<<

O relato dos relatos
por Camila Régis.
Texto escrito para o projeto Procura-se.

Em seu livro O tempo vivo da memória, Ecléa Bosi declara que “ser inexato não invalida o testemunho, diferentemente da mentira, muitas vezes exata e detalhista”.

A inexatidão foi necessária para a realização de Procura-se. A obra, que consiste na repetição de um discurso – a descrição do rosto de Bruno – para os últimos retratistas de polícia do país, era a princípio um estudo sobre versões. Pensei que seria um experimento curioso: uma análise sobre diferentes perspectivas que pessoas teriam de um mesmo relato e o efeito de todas essas leituras condensadas em um espaço expositivo. Entretanto, nos instantes iniciais do processo, percebi que não apenas as leituras de meu relato seriam distintas, mas o relato em si também teria oscilações.

O método de trabalho era semelhante entre os desenhistas. Minha fala era induzida a seguir o sentido do macro para o micro e as características gerais do retratado eram dadas – “Homem ou mulher? Qual a cor da pele? É gordo ou magro?”. Após essa primeira bateria de perguntas, uma série de questionamentos improváveis – para mim, pelo menos – surgiam. “Ele é mais alto que você?”. Com a resposta afirmativa, uma retratista traçou no papel um rosto em posição ¾, de queixo levemente levantado. A justificativa era que sendo mais alto que eu, esse era o ângulo que mais via de Bruno.
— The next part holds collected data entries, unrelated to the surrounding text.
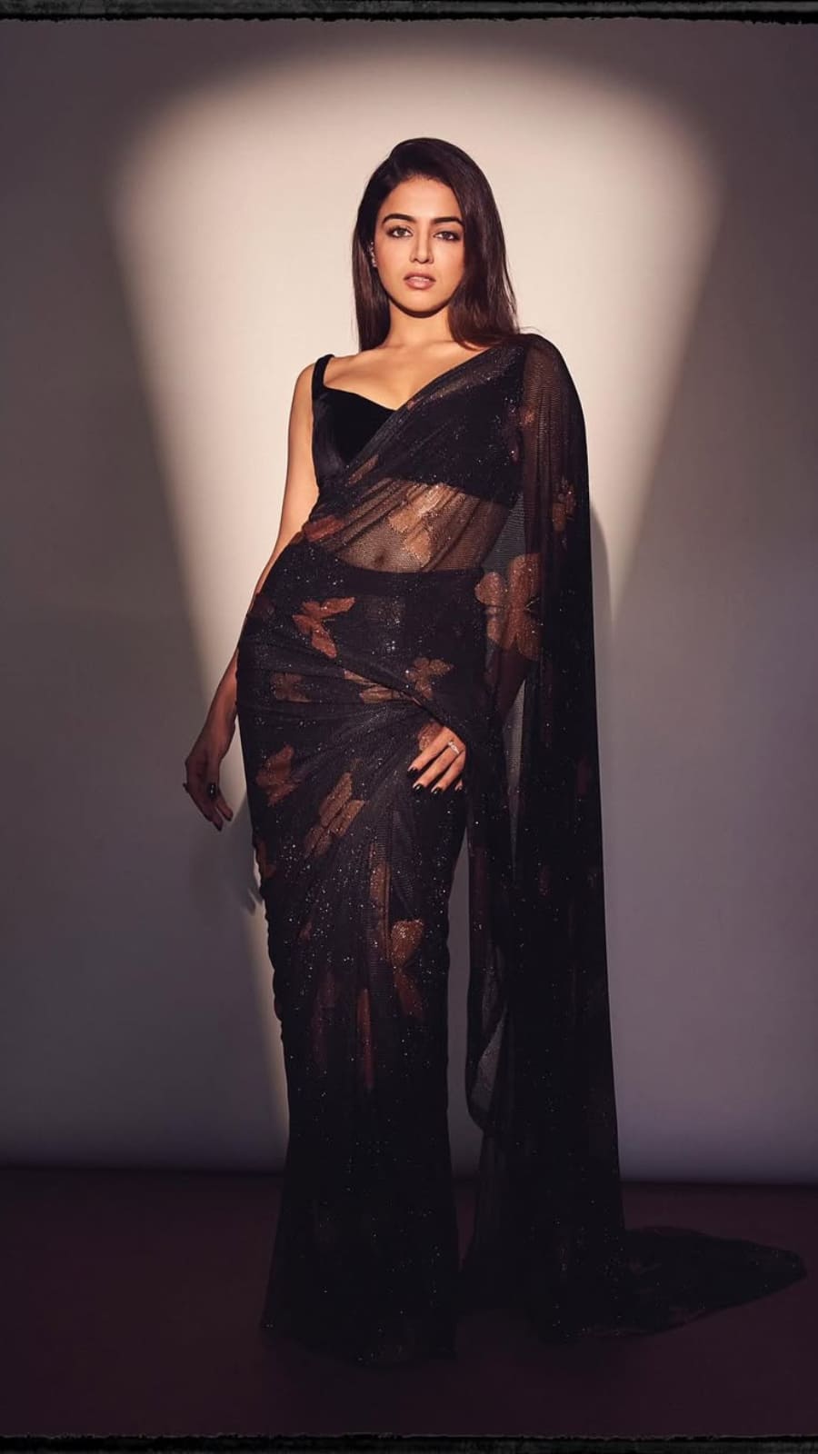 Her beauty shines through in a glamorous black saree adorned with sequins.
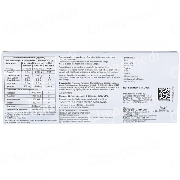 Lactase(250.0 Alu) + Amylase(1200.0 Skb) + Protease(3600.0 Hut) + Lipase(450.0 Fip)
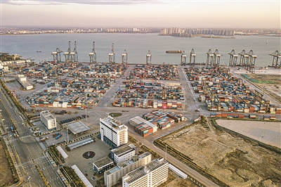 在海南洋浦经济开发区拍摄的洋浦港口岸,其既是海南自贸港8个对外开放口岸之一,又是10个“二线口岸”之一(无人机照片,2025年11月21日摄)。
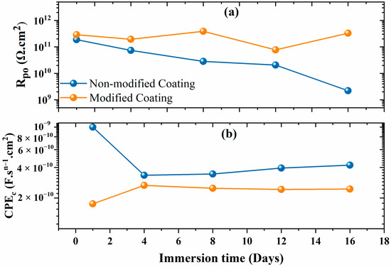 (a) Pore resistance and (b) CPEc of the non-modified and modified coatings.

Começar o processo com cada retratista era confiar em minha memória e tentar preencher lacunas que pareciam inexistentes. “Bruno tem alguma pinta ou mancha no rosto?”, era uma pergunta frequente. As primeiras respostas eram sempre negativas. Conforme esse questionamento tornava-se mais comum, minhas afirmações migraram para os “não sei” e “talvez, não lembro”. Mais adiante, pequenos pontos pretos começaram a aparecer nos desenhos. O rosto tinha marcas, mas que antes nunca foram notadas.

A cada novo embate com a face descrita, eu buscava respostas para as questões lançadas pelos retratistas. Eram detalhes, ainda que insignificantes, que só foram percebidos porque a fala, um bloco “sólido” já que era ensaiado, estava constantemente em xeque. O relato era volátil porque ele não dependia apenas de mim – a narradora. Fora do contexto de troca entre os interlocutores, o discurso apenas ecoaria no nada e nunca cumpriria sua missão de se fazer entender. Esse impasse me fazia repensar tudo que falava, por mais que existisse um contrato com a obra (“repetir o mesmo discurso para diferentes pessoas”). O exercício da fala inexata, um ponto que, teoricamente, nega o cerne da obra, é uma das questões mais centrais de Procura-se. Como Ecléa Bosi disse sabiamente em outra passagem de seu livro: “recontar é sempre um ato de criação”.

* Camila Régis é couatora do trabalho Procura-se.